— Exercise goal —
From the entries below, reproduce exactly the line containing "Minigiogali conçu par", the line containing "12月19日,武警甘肅總隊(duì)臨夏", and every line in between, with nothing added.

— Input —
----

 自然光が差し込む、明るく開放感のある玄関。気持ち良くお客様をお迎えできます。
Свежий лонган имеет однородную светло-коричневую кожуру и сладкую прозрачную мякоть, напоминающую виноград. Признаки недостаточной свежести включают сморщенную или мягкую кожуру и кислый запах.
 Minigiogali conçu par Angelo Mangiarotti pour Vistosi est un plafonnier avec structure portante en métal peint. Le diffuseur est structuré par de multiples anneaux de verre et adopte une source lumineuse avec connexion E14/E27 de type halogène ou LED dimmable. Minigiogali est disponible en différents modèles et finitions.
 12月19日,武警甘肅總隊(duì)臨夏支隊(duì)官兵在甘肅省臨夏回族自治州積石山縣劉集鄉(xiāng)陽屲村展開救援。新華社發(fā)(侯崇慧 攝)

----

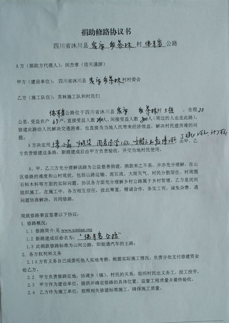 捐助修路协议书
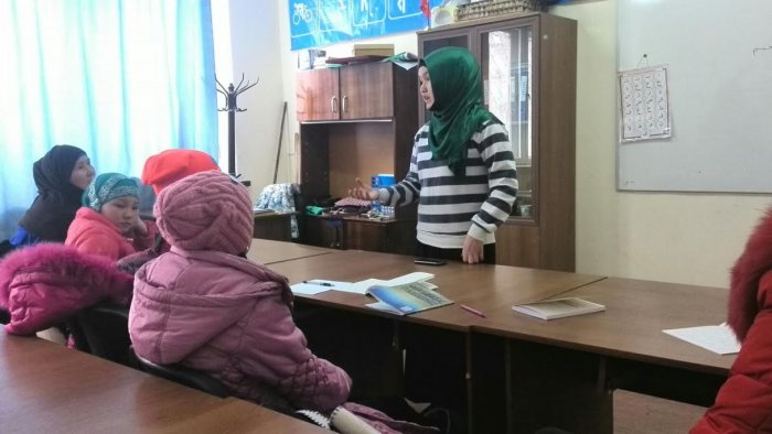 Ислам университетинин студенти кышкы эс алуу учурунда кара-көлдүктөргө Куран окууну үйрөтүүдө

----

— Result of the task —
 Minigiogali conçu par Angelo Mangiarotti pour Vistosi est un plafonnier avec structure portante en métal peint. Le diffuseur est structuré par de multiples anneaux de verre et adopte une source lumineuse avec connexion E14/E27 de type halogène ou LED dimmable. Minigiogali est disponible en différents modèles et finitions.
 12月19日,武警甘肅總隊(duì)臨夏支隊(duì)官兵在甘肅省臨夏回族自治州積石山縣劉集鄉(xiāng)陽屲村展開救援。新華社發(fā)(侯崇慧 攝)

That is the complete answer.